--- START ---

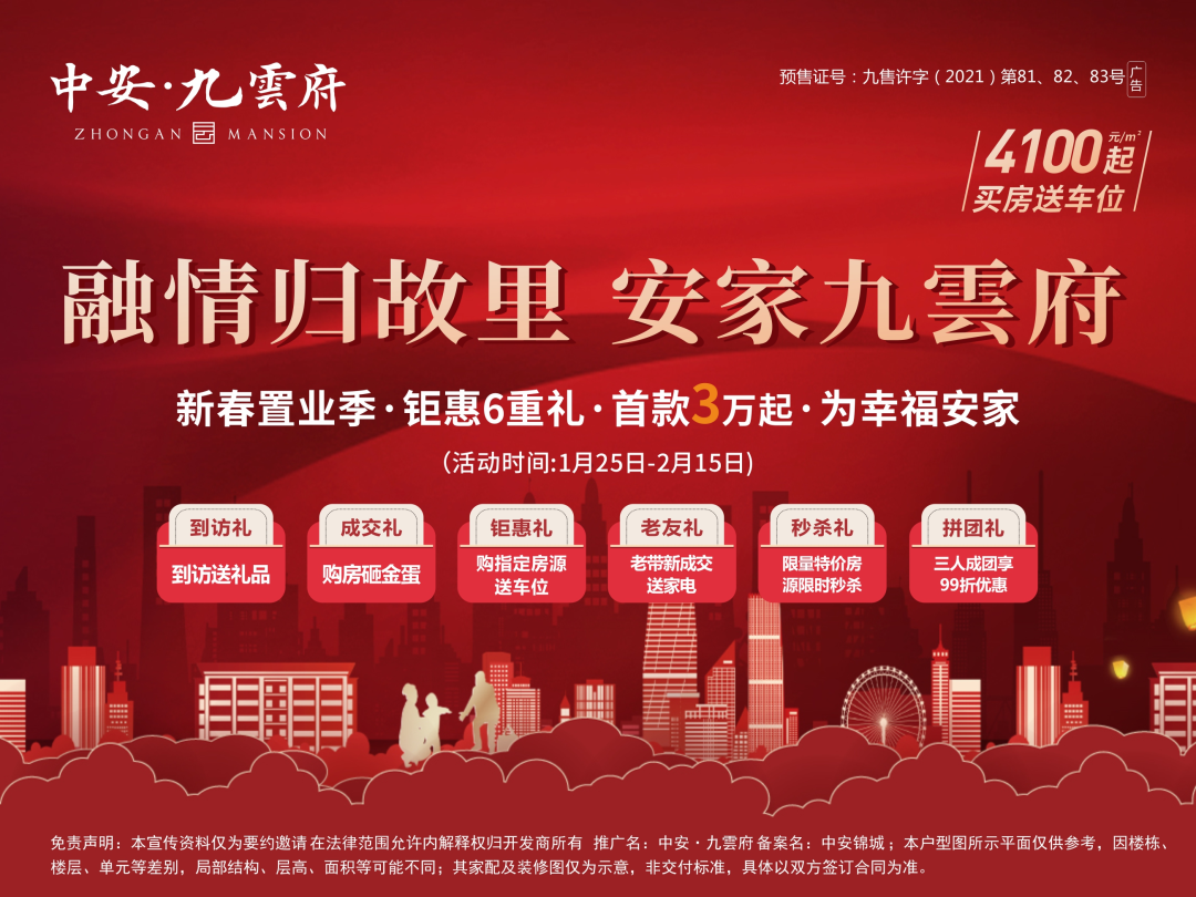 免责声明:1. 开发公司为“九江新晟房地产开发有限公司”2. 本宣传资料为要约邀请,不作为要约或承诺;3. 本宣传资料对项目与周边环境、交通、公共设施的地理关系示意,并非地图,旨在协助提供相关信息,不意味着公司对此作出任何承诺;4.文章图片来源于“现场实拍图”、“项目效果图”、“网络图片”;因编辑需要文字和图片之间亦无必然联系,仅供读者参考;5.本文内容最终解释权归九江新晟房地产开发有限公司所有。
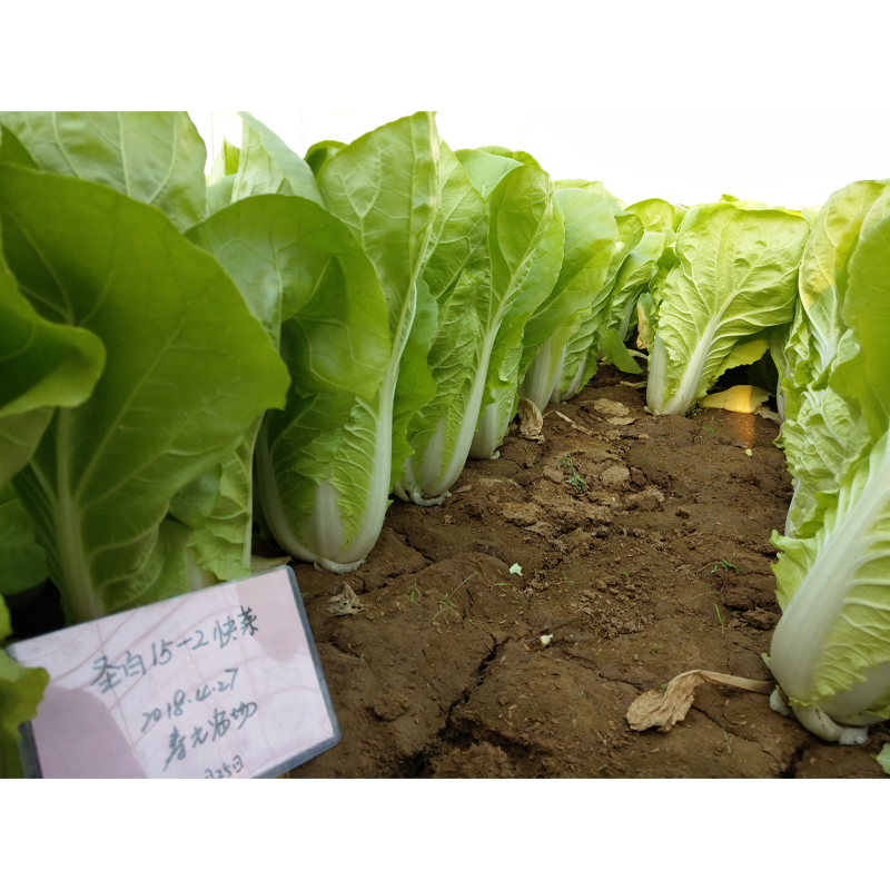 苗用白菜(快菜)一代杂种,食用部分主要为幼苗或半成株。外叶浅绿色,叶片宽倒卵形,叶面稍皱,无毛刺,叶较柔,叶帮白,帮较宽,品质佳。耐热、耐湿、耐雨水能力较强,抗根腐病,较耐抽臺。播种后 28-30天开始采收,株高约36厘米,单株重约400g。
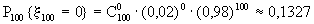 Мы находимся в условиях применимости схемы Бернулли со следующими параметрами: p = 0,02 ; n = 100 ; m = 0 ;
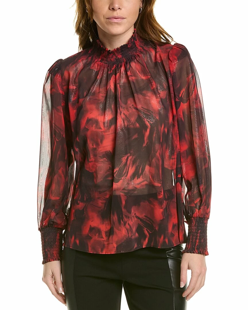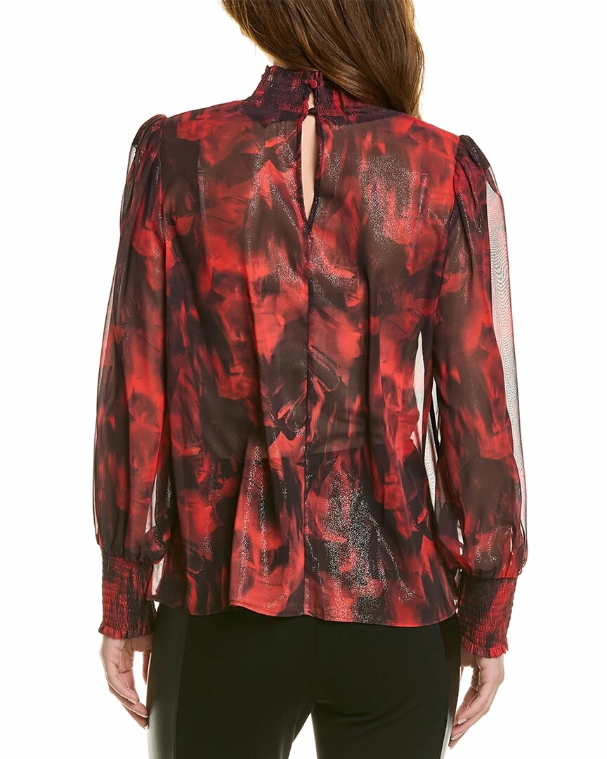 - Sheer Top In Red With Smocked Mock Neck And Cuffs

--- END ---

▶ **Work request**: Everything from the line containing "Мы находимся в" through the final line of the material must be set down exactly, except the pictures.

▶ **Final answer**:
 Мы находимся в условиях применимости схемы Бернулли со следующими параметрами: p = 0,02 ; n = 100 ; m = 0 ;
 - Sheer Top In Red With Smocked Mock Neck And Cuffs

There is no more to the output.